*** Material for this task Section Begins ***

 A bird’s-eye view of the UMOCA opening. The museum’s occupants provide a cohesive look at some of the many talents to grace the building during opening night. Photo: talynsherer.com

*** Material for this task Section Ends ***
*** Material for this task Section Begins ***

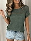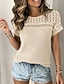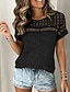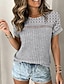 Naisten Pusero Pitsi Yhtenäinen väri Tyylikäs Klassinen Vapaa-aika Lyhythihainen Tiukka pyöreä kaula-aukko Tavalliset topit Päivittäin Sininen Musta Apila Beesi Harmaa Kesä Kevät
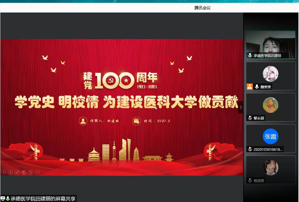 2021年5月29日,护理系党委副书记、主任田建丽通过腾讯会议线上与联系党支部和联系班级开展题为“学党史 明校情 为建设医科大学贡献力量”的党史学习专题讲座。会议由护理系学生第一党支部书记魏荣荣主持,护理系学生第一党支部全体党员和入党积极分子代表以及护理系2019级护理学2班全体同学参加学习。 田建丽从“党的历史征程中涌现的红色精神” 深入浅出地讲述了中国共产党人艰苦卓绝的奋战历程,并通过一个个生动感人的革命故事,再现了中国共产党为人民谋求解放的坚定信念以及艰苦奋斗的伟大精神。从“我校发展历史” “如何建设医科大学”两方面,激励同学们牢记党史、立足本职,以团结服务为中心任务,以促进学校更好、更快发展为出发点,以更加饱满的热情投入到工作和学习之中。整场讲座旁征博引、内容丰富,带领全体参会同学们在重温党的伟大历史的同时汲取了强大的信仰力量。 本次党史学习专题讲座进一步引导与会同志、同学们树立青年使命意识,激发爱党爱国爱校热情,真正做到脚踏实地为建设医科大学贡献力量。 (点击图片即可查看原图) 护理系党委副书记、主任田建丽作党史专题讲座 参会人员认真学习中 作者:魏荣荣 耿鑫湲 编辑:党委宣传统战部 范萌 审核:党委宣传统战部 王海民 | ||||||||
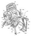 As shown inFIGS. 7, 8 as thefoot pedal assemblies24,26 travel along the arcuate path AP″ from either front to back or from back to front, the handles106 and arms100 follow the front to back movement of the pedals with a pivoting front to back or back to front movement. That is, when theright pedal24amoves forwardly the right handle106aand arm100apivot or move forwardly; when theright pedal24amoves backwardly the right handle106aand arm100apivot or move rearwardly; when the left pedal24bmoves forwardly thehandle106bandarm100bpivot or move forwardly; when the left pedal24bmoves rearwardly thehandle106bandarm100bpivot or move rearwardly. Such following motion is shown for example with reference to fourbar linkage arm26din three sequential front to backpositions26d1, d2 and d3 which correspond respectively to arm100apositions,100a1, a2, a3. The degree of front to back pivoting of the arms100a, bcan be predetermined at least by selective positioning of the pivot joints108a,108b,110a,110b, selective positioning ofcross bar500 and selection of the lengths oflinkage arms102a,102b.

*** Material for this task Section Ends ***
*** Material for this task Section Begins ***

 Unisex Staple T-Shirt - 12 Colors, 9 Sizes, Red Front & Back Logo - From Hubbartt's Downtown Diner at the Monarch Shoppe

*** Material for this task Section Ends ***

**Task goal**:
Starting with the line that contains "Naisten Pusero Pitsi" and finishing with the line that contains "审核:党委宣传统战部 王海民 | ||||||||", reproduce every line of the material above exactly, but not the pictures.

**Solution to this problem**:
 Naisten Pusero Pitsi Yhtenäinen väri Tyylikäs Klassinen Vapaa-aika Lyhythihainen Tiukka pyöreä kaula-aukko Tavalliset topit Päivittäin Sininen Musta Apila Beesi Harmaa Kesä Kevät
 2021年5月29日,护理系党委副书记、主任田建丽通过腾讯会议线上与联系党支部和联系班级开展题为“学党史 明校情 为建设医科大学贡献力量”的党史学习专题讲座。会议由护理系学生第一党支部书记魏荣荣主持,护理系学生第一党支部全体党员和入党积极分子代表以及护理系2019级护理学2班全体同学参加学习。 田建丽从“党的历史征程中涌现的红色精神” 深入浅出地讲述了中国共产党人艰苦卓绝的奋战历程,并通过一个个生动感人的革命故事,再现了中国共产党为人民谋求解放的坚定信念以及艰苦奋斗的伟大精神。从“我校发展历史” “如何建设医科大学”两方面,激励同学们牢记党史、立足本职,以团结服务为中心任务,以促进学校更好、更快发展为出发点,以更加饱满的热情投入到工作和学习之中。整场讲座旁征博引、内容丰富,带领全体参会同学们在重温党的伟大历史的同时汲取了强大的信仰力量。 本次党史学习专题讲座进一步引导与会同志、同学们树立青年使命意识,激发爱党爱国爱校热情,真正做到脚踏实地为建设医科大学贡献力量。 (点击图片即可查看原图) 护理系党委副书记、主任田建丽作党史专题讲座 参会人员认真学习中 作者:魏荣荣 耿鑫湲 编辑:党委宣传统战部 范萌 审核:党委宣传统战部 王海民 | ||||||||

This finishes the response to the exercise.